Ensuring high availability for cloud-based banking applications

It’s tempting to think that a cloud service provider will ensure the high availability of your critical cloud-based banking applications. The problem is that they really don’t.

Todd Doane, Solutions Architect, SIOS Technology

Your cloud provider may have helped you configure a cluster of virtual machines (VMs) running out of multiple data centers or availability zones (AZs). It may have implemented an automated failover system to ensure that a standby VM in the configuration can take over immediately if the primary VM suddenly goes offline. It all sounds like it should deliver high availability, right?

But look closely at the service level agreement (SLA) outlining high availability: The SLA guarantees that at least one of the VMs in your system will be accessible at least 99.9% or even 99.99% of the time. But that’s not a guarantee of application or data availability. If the remaining VM can’t access the storage infrastructure where your banking applications and data reside, your critical applications are effectively offline.

Ensuring cloud accessibility

How can you ensure that your critical banking applications and data remain highly accessible in the cloud or in a hybrid on-prem/cloud configuration, if configuring the underlying technology for automated failover across multiple AZs is insufficient?

Let’s start by saying that having clustered VMs spread among multiple AZs is critical to ensuring the high availability (HA) of your key applications and data. What you need in addition, though, is a strategy for ensuring that each of those VMs has access to the critical applications and data you want to keep running. That’s where traditional approaches to HA diverge when it comes to the cloud.

In a traditional — meaning on-premises — HA configuration, you might create a failover cluster consisting of multiple servers or VMs and a storage area network (SAN), where your applications and data reside. Any server or VM in the cluster could interact with the applications and data in the SAN, so if the VM actively running a key application suddenly went offline, the cluster would automatically fail over to another VM that could interact with the SAN and start running the application and updating the same database that the previous machine had been using.

Configuring for the cloud

In the cloud, though, there’s no real option to create a shared SAN. There are some shared storage options, but they’re not built to provide the performance or levels of HA your critical banking applications require. Instead, cloud-based HA configurations depend on high performance storage attached to each of the VMs in the cluster. When a given VM is running an application, it is interacting with data stored in a database that resides in the storage attached to that VM.

The key to HA for cloud-based banking applications, then, is to ensure that each VM in your cluster always has the same applications and the same data. That way, if the primary VM in the cluster suddenly goes dark, the cluster can automatically fail over to a standby VM, any one of which can begin running the application and interacting with the data immediately because a copy of the application and data resides in its own attached storage.
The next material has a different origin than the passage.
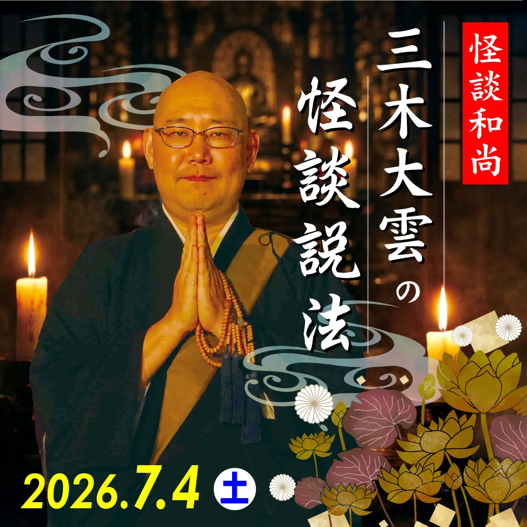 三木大雲和尚は、1972年に京都の寺院で生を受け、多くの修業を経て第38代住職に就任した僧侶です。自身の実体験や実際にあった話を基に、観衆を引き込む形で怪談を語り、そこから仏教の教えへとつなげていくスタイルが特徴です。テレビやラジオ、YouTubeを通じて、多くの人々に影響を与えており、「稲川淳二の怪談グランプリ2014」および「“最恐”怪談師決定戦怪談王2018」の優勝歴も持ちます。
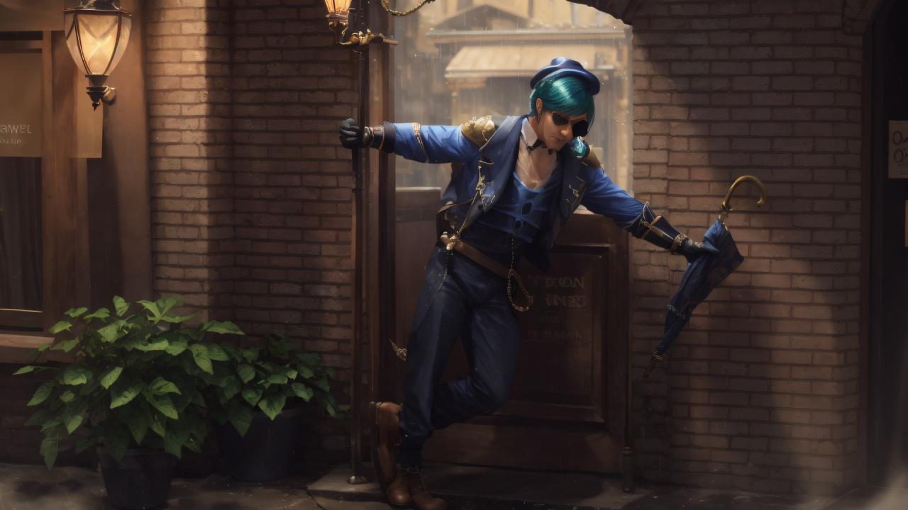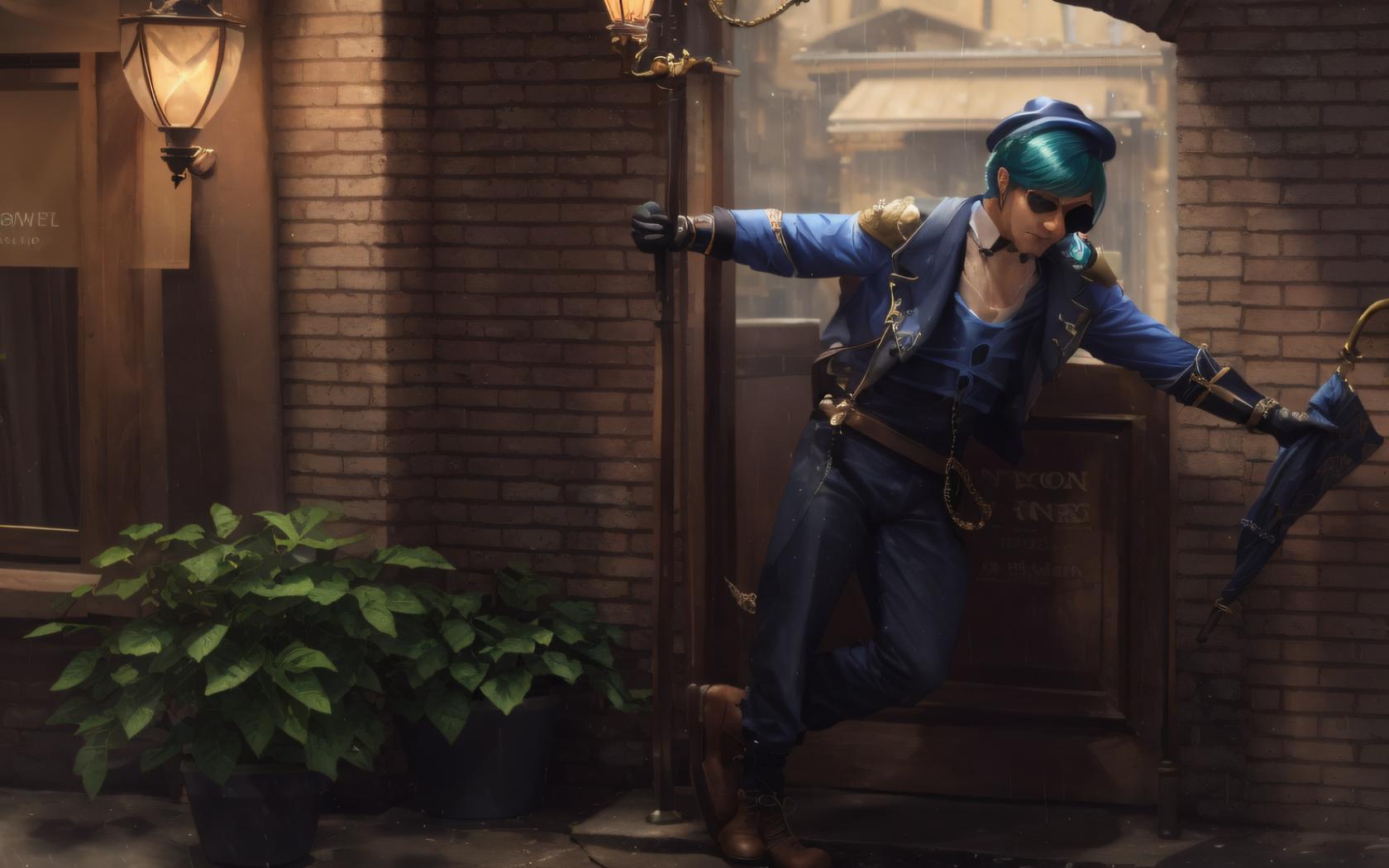 1boy, alternate costume, artist name, bangs, belt, black gloves, black pants, blue hair, blue headwear, blue jacket, blue pants, boots, brick wall, brown footwear, chain, closed umbrella, collared shirt, dark skin, dark-skinned male, door, earrings, eyepatch, full body, fur trim, gloves, gold chain , hat, holding, jacket, jewelry, long sleeves, male focus, multicolored hair, open clothes, open jacket, outdoors, pants, plant, shirt, solo, standing, standing on one leg, streaked hair, umbrella, vest

Your cloud provider can easily configure the VMs that will provide the levels of performance and availability that your critical applications demand. It can also attach high performance storage systems to those VMs, and it can configure your cluster for automatic failover across multiple AZs. Then, you need to deploy a mechanism that automates the synchronous replication of data among all the storage systems attached to the VMs in your failover cluster.

Data replication solutions

You have a number of choices when it comes data replication solutions.
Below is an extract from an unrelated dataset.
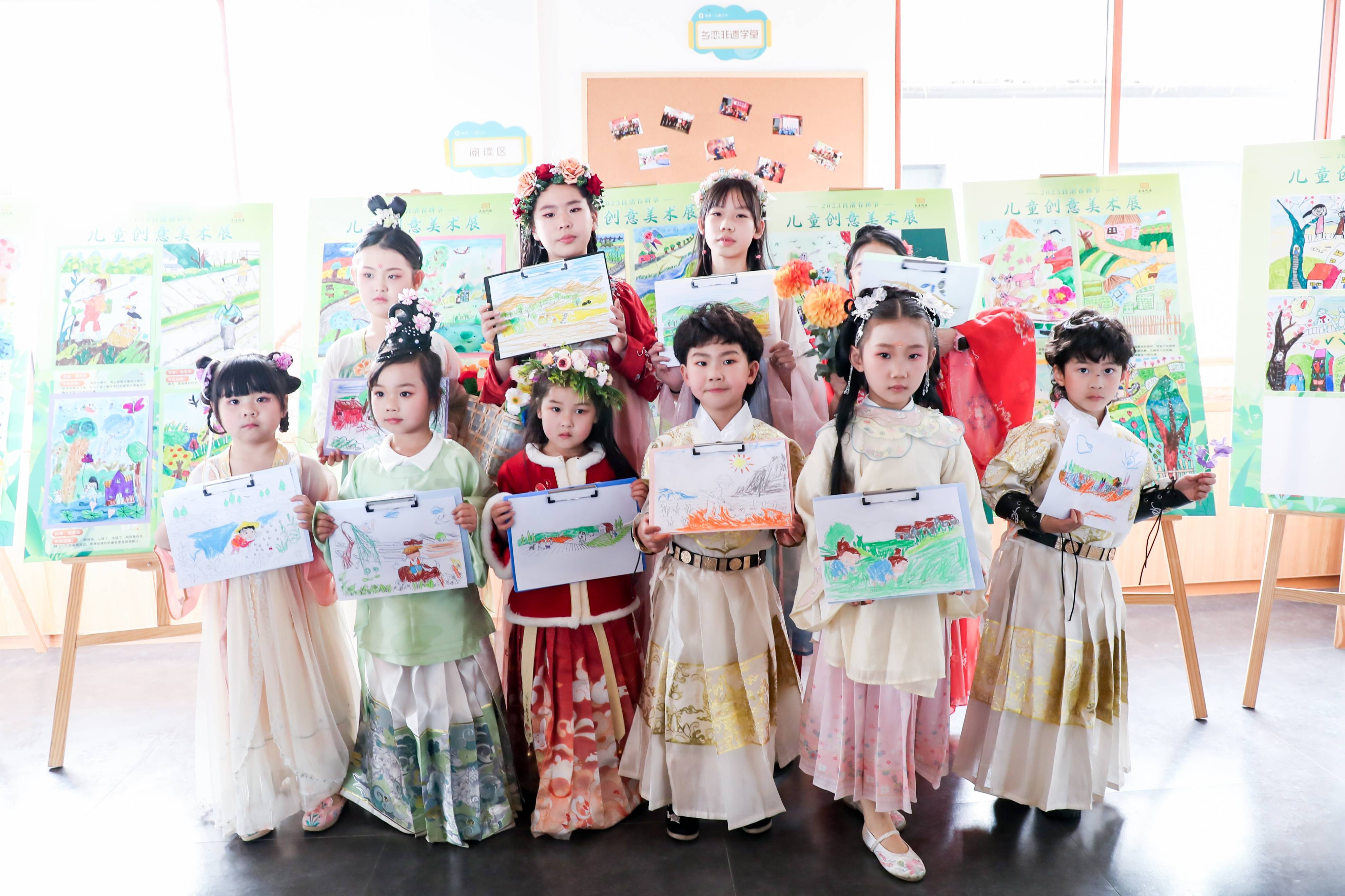 小朋友们用五彩斑斓的画笔,描绘出了各自眼中的良渚春色。

If your cluster is based on Windows and you’re using the Microsoft SQL Server, you can use SQL Server’s built-in Availability Groups (AGs) feature, which will automatically replicate user-named SQL databases to each of the nodes in your cluster. The downside of this approach is that it only replicates SQL databases, rather than every block of data in storage. Replicating multiple SQL Server databases to multiple standby VMs can get very expensive as you’ll have to use SQL Server Enterprise Edition to replicate more than one database or to replicate databases to multiple VMs, even if your applications run perfectly well using SQL Server Standard Edition.

Alternatively, you could use a SANless clustering solution, which provides automated block-level replication of data from the active primary VM to each of the secondary VMs in a cluster. The advantage of using a SANless Clustering solution is that it is application and database agnostic; it simply replicates blocks of data from one storage system to another, ensuring that all the data in your primary storage system is replicated to each of the other VMs. The downside to a SANless clustering approach is that there’s yet another piece of software for your IT team to license and learn, which may feel onerous if you can use the AG functionality of SQL Server at no additional cost.

Data replication is the key to ensuring HA for cloud-based banking systems, whether you use the functionality built into a solution like SQL Server, or the functionality provided by an independent SANless clustering solution.

Your cloud provider can provide the high-performance infrastructure that your applications demand, but you must ensure that the data and applications available to each of the VMs in that cluster are up to date if your HA solution is going to perform as expected when you need it to do so.

Todd Doane is a Solutions Architect at SIOS Technology. He has spent more than 20 years, primarily in the financial services world, creating high availability reference architectures and application-specific design patterns and principles.